* Prompt:
Write the records below out again word for word, with the pictures removed.
———
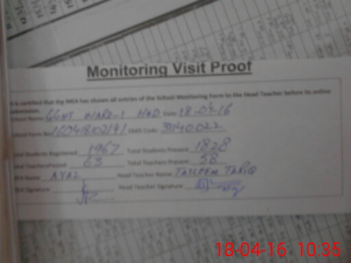 | Attendance Register | Head Teacher | MEA with School | Visit Proof |
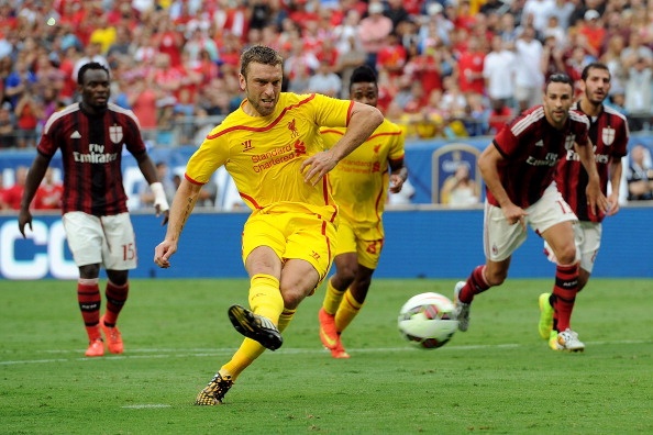 | Nhập cuộc bằng lối chơi tấn công tốc độ, The Kop khiến hàng thủ Milan căng sức chống đỡ. Phút 17, sau tình huống để mất bóng từ giữa sân của Michael Essien, Joe Allen có pha thoát xuống rất nhanh trước khi dứt điểm tung lưới đại diện Serie A. |
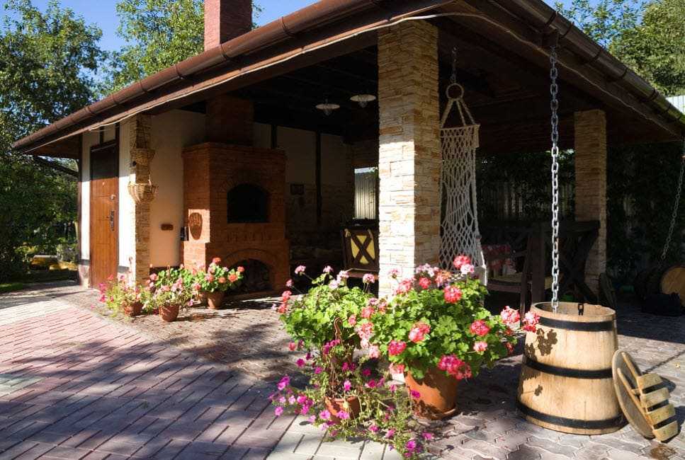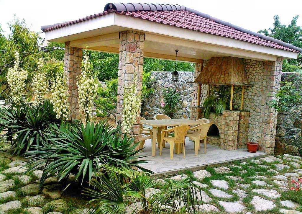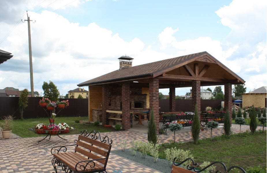 Наиболее популярен комбинированный вариант садовой беседки-барбекю:
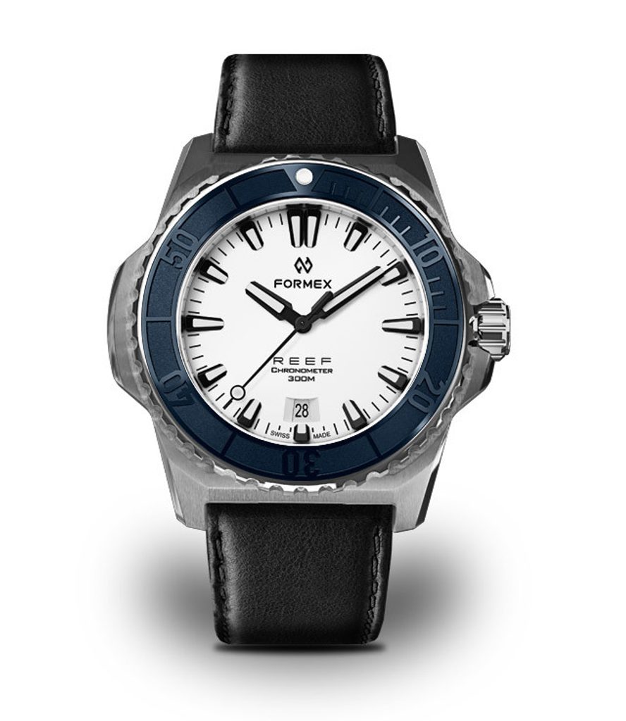 Medzi klasické charakteristické znaky hodiniek Formex Reef 42 Automatic Chronometer patrí výrazný a ľahko čitateľný ciferník, vyššia vodotesnosť a jemná mikroregulovateľná spona. Prehľadný ciferník chráni zafírové sklíčko s vnútornou antireflexnou vrstvou a vysokou odolnosťou proti poškriabaniu. Lepšiu čitateľnosť za zhoršených svetelných podmienok zabezpečuje luminiscencia (BGW9 Super-LumiNova) umiestnená na ručičkách a indexoch. Ciferník od spoločnosti Formex poteší ručne aplikovanými reliéfnymi trojuholníkovými indexmi, ktoré sa zvažujú od okrajov smerom k stredu ciferníka. Celkový dojem umocňuje citlivo navrhnutý ukazovateľ dátumu na pozícii 6 hodín. Na hodinkách najviac oceníte ich všestrannosť; vďaka súboru funkcií sú ideálne na použitie pri športe, vo vode, ale aj na každodenné používanie.
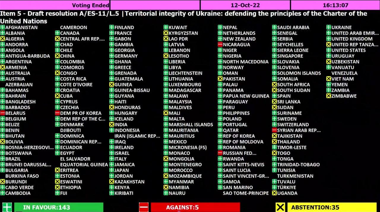 Вчера ООН приняла резолюцию с критикой действий России. В документе говорится, что государства осудили организацию "референдумов" и аннексию украинских территорий. И признают лишь границы Украины по состоянию на 1991 год.
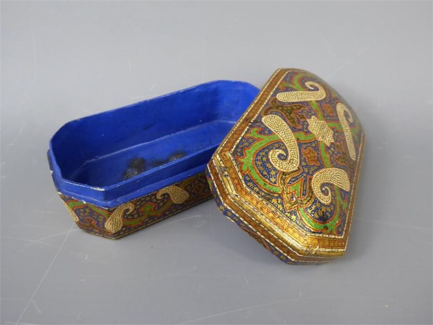 A Kashmir 20th Century Papier Mache Lidded Box, the box decorated with the Boteh motif, approx 11 x 6.5 cms.
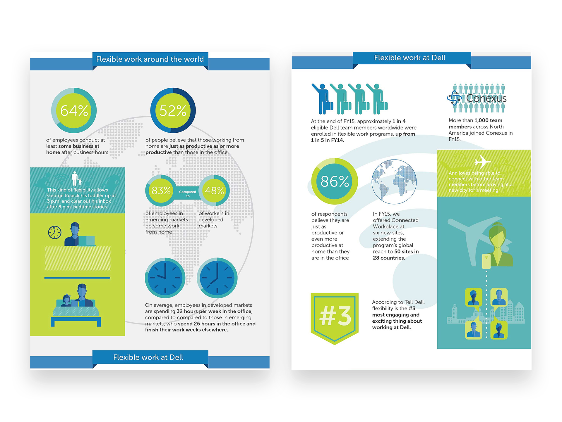 Connected Workplace is an internal organization at Dell that promotes flexibility among Dell employees. This flexibility includes remote access, flexible work days, flexible work weeks, shared responsibilities and more. The program was established but was not well known by employees and was not something many felt they were able to approach their manager about being a part of. The initial phase of the awareness campaign internally and externally, was to establish a visual identity based on the collected data and testimonials regarding what the program has done to change employees work lives. It was set to appeal as a perk in considering building a career at Dell. A major component the Director of HR (Mohammed Chahdi) is to drive the function of CW as a tool to enable trust of employees to choose the best way to do their job, as people all have different methods of working and being productive with respect to their personal conditions. Important as well, was to disassociate remote work the widely held perception that working remotely means you're not working as hard as those in the office 40 hours a week. The Connected Workplace campaign was initiated to promote the many benefits of flexibility at Dell as a broader concept. The design concept centralizes around the needs of the individual and situates CW as a negotiator between work life and home life. An illustrative approach helps give character to employees utilizing flexible work programs and tell a story. The wordmark incorporates a human bust surrounded by connection points. This conveys connectivity to others, the employee's environment, and gives a nod to the complexity of each individual's needs. The bust of the person incorporates a heart shaped torso to also subtly reinforce that CW is rooted in Dell's care for its employees and addresses the needs of the individual. This is all intended to promote the idea that when the individual employee is happy, he/she is productive, and when employees are productive, the company's prosperity is facilitated. Part of the ongoing campaign was compiling a video of testimonials to demonstrate how many different situations and contexts people are able to maintain as a Dell employee, and not sacrifice work/life balance. The deliverables I created also included a distinguished branding system with a new wordmark/logo, PowerPoint cover slides and divider slides, and promotional business cards for Talent Acquisition. The client also requested a collection of data and create a well a modular infographic promoting flexibility, a global map of flexible Dell employees, and a timeline of Connected Workplace's evolution, rooted in the visual concept the client chose and used to tell the Connected Workplace story. This would all be used for events to amplify the campaign's objective of making CW a "household name" and concept in the workplace culture, as well as exemplify that your physical location or need for flexibility in your career search is something Dell created a successful system for addressing.
———
* Output of the task:
 | Attendance Register | Head Teacher | MEA with School | Visit Proof |
 | Nhập cuộc bằng lối chơi tấn công tốc độ, The Kop khiến hàng thủ Milan căng sức chống đỡ. Phút 17, sau tình huống để mất bóng từ giữa sân của Michael Essien, Joe Allen có pha thoát xuống rất nhanh trước khi dứt điểm tung lưới đại diện Serie A. |
 Наиболее популярен комбинированный вариант садовой беседки-барбекю:
 Medzi klasické charakteristické znaky hodiniek Formex Reef 42 Automatic Chronometer patrí výrazný a ľahko čitateľný ciferník, vyššia vodotesnosť a jemná mikroregulovateľná spona. Prehľadný ciferník chráni zafírové sklíčko s vnútornou antireflexnou vrstvou a vysokou odolnosťou proti poškriabaniu. Lepšiu čitateľnosť za zhoršených svetelných podmienok zabezpečuje luminiscencia (BGW9 Super-LumiNova) umiestnená na ručičkách a indexoch. Ciferník od spoločnosti Formex poteší ručne aplikovanými reliéfnymi trojuholníkovými indexmi, ktoré sa zvažujú od okrajov smerom k stredu ciferníka. Celkový dojem umocňuje citlivo navrhnutý ukazovateľ dátumu na pozícii 6 hodín. Na hodinkách najviac oceníte ich všestrannosť; vďaka súboru funkcií sú ideálne na použitie pri športe, vo vode, ale aj na každodenné používanie.
 Вчера ООН приняла резолюцию с критикой действий России. В документе говорится, что государства осудили организацию "референдумов" и аннексию украинских территорий. И признают лишь границы Украины по состоянию на 1991 год.
 A Kashmir 20th Century Papier Mache Lidded Box, the box decorated with the Boteh motif, approx 11 x 6.5 cms.
 Connected Workplace is an internal organization at Dell that promotes flexibility among Dell employees. This flexibility includes remote access, flexible work days, flexible work weeks, shared responsibilities and more. The program was established but was not well known by employees and was not something many felt they were able to approach their manager about being a part of. The initial phase of the awareness campaign internally and externally, was to establish a visual identity based on the collected data and testimonials regarding what the program has done to change employees work lives. It was set to appeal as a perk in considering building a career at Dell. A major component the Director of HR (Mohammed Chahdi) is to drive the function of CW as a tool to enable trust of employees to choose the best way to do their job, as people all have different methods of working and being productive with respect to their personal conditions. Important as well, was to disassociate remote work the widely held perception that working remotely means you're not working as hard as those in the office 40 hours a week. The Connected Workplace campaign was initiated to promote the many benefits of flexibility at Dell as a broader concept. The design concept centralizes around the needs of the individual and situates CW as a negotiator between work life and home life. An illustrative approach helps give character to employees utilizing flexible work programs and tell a story. The wordmark incorporates a human bust surrounded by connection points. This conveys connectivity to others, the employee's environment, and gives a nod to the complexity of each individual's needs. The bust of the person incorporates a heart shaped torso to also subtly reinforce that CW is rooted in Dell's care for its employees and addresses the needs of the individual. This is all intended to promote the idea that when the individual employee is happy, he/she is productive, and when employees are productive, the company's prosperity is facilitated. Part of the ongoing campaign was compiling a video of testimonials to demonstrate how many different situations and contexts people are able to maintain as a Dell employee, and not sacrifice work/life balance. The deliverables I created also included a distinguished branding system with a new wordmark/logo, PowerPoint cover slides and divider slides, and promotional business cards for Talent Acquisition. The client also requested a collection of data and create a well a modular infographic promoting flexibility, a global map of flexible Dell employees, and a timeline of Connected Workplace's evolution, rooted in the visual concept the client chose and used to tell the Connected Workplace story. This would all be used for events to amplify the campaign's objective of making CW a "household name" and concept in the workplace culture, as well as exemplify that your physical location or need for flexibility in your career search is something Dell created a successful system for addressing.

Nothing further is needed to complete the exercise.